Comment 26•23 years ago
|
||
With sfraser's patch both thawte's try a SSL cert page and the wellsfargo.com acct sign in page load for me on OS X
Assignee | ||
Comment 27•23 years ago
|
||
Comment on attachment 66370 [details] [diff] [review] A hack for Mac's PR_ConnectContinue Thanks, Simon and Steve. So should I mark my patch obsolete?
Comment 28•23 years ago
|
||
Yes, but I'm not totally happy with my patch yet either. I don't like two calls to PrepareForAsyncCompletion() on the same thread. Maybe _MD_Poll should only call this after the CheckPollDescs() call?
Comment 29•23 years ago
|
||
*** Bug 121722 has been marked as a duplicate of this bug. ***
Comment 30•23 years ago
|
||
*** Bug 121683 has been marked as a duplicate of this bug. ***
Comment 31•23 years ago
|
||
*** Bug 121455 has been marked as a duplicate of this bug. ***
Comment 33•23 years ago
|
||
yes, it was landed on Friday
Comment 34•23 years ago
|
||
lowering severity to pull off of sheriff's radar since holding the tree won't help this get fixed any faster.

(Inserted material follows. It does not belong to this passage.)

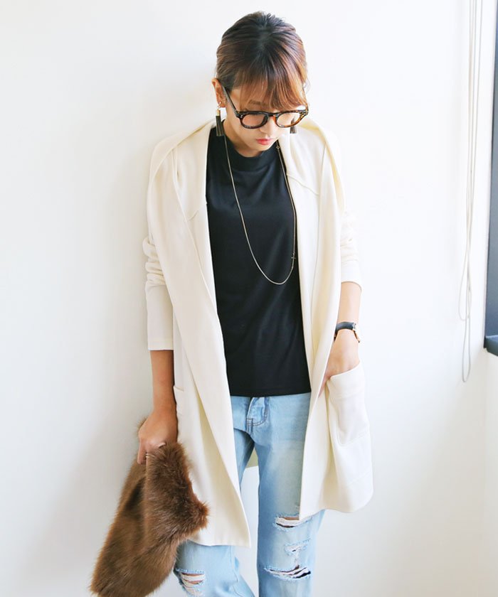 うっすらと起毛したような柔らかな細リブの 質感が心地よい♪新作カーデが入荷しました。 ゆるっとしたルーズなフードが こなれ感たっぷりなデザイン! サイドポケットあり、ヒザ上までのロング丈です♪ 肩まわりはスッキリとしたセットインの仕様。 インにニットを着ても、少し余裕のある袖幅です。 MODEL:身長159cm ※撮影時のライティング、ご覧になっているモニター・PC環境により 実際の商品と色味が異なって見える場合がございます。 ご了承の上お買い求め下さい。

Severity: blocker → critical
Comment 35•23 years ago
|
||
Status: fixing Mac NSPR is turning out to be difficult, though needs to be done in the long run. For the branch, we need to back out some or all of the patch checked in for bug 106188 to fix this, but I can't do this before Monday. If anyone can try that and test, that would be great.
Comment 36•23 years ago
|
||
I did that yesterday - backing out #106188 definitely eliminates the hang on the Carbon build. I don't have a Classic build to try
Comment 37•23 years ago
|
||
*** Bug 121775 has been marked as a duplicate of this bug. ***
Comment 39•23 years ago
|
||
The patch to fix this is in bug 106188.
Comment 40•23 years ago
|
||
any objections to marking this bug a dup of 106188?
Comment 41•23 years ago
|
||
Yes :) That bug is about fixing blocking connects. This bug is about a problem in Mac NSPR (which we can't fix eaily enough to open the tree).
Reporter | ||
Comment 42•23 years ago
|
||
Do not mark this as a dupe. This bug was originally filed because the trunk of NSS (ie NSS 3.4) was not working on the Mac. This is a work in progress that has not landed on the NS_CLIENT_TAG yet. Somehow this bug turned into the SSL implementation of Mac Mozilla on the trunk of the Mozilla tree is broken. Even when the trunk of MOzilla's SSL implementation is fixed, the NSS 3.4 (ie trunk of NSS) implementation will still need to be fixed.
Assignee | ||
Comment 43•23 years ago
|
||
Javier is right. This bug is about a Mac freeze problem when using NSS 3.4. (Mozilla is using NSS 3.3.2.) This problem may or may not be the same as the freeze problem that you guys ran into with the regular Mozilla build. I've opened new Mac NSPR bugs to track the underlying bugs for the freeze of the regular Mozilla build. They are listed as the dependencies of bug 106188. If you are primarily interested in regular Mozilla builds, you should follow those two Mac NSPR bugs and remove yourself from the cc list of this bug.
Comment 44•23 years ago
|
||
Simon can we take par tof the fix in the bug you cited that fixes this problem? This is the last blocker keeping the tree closed today and I'm trying to get a feel for when we are going to have something so we can open the tree up.
Comment 45•23 years ago
|
||
I checked said patch into the trunk, so this is fixed. Note that bugs exist to fix Mac NSPR the right way (bug 121952, bug 121951).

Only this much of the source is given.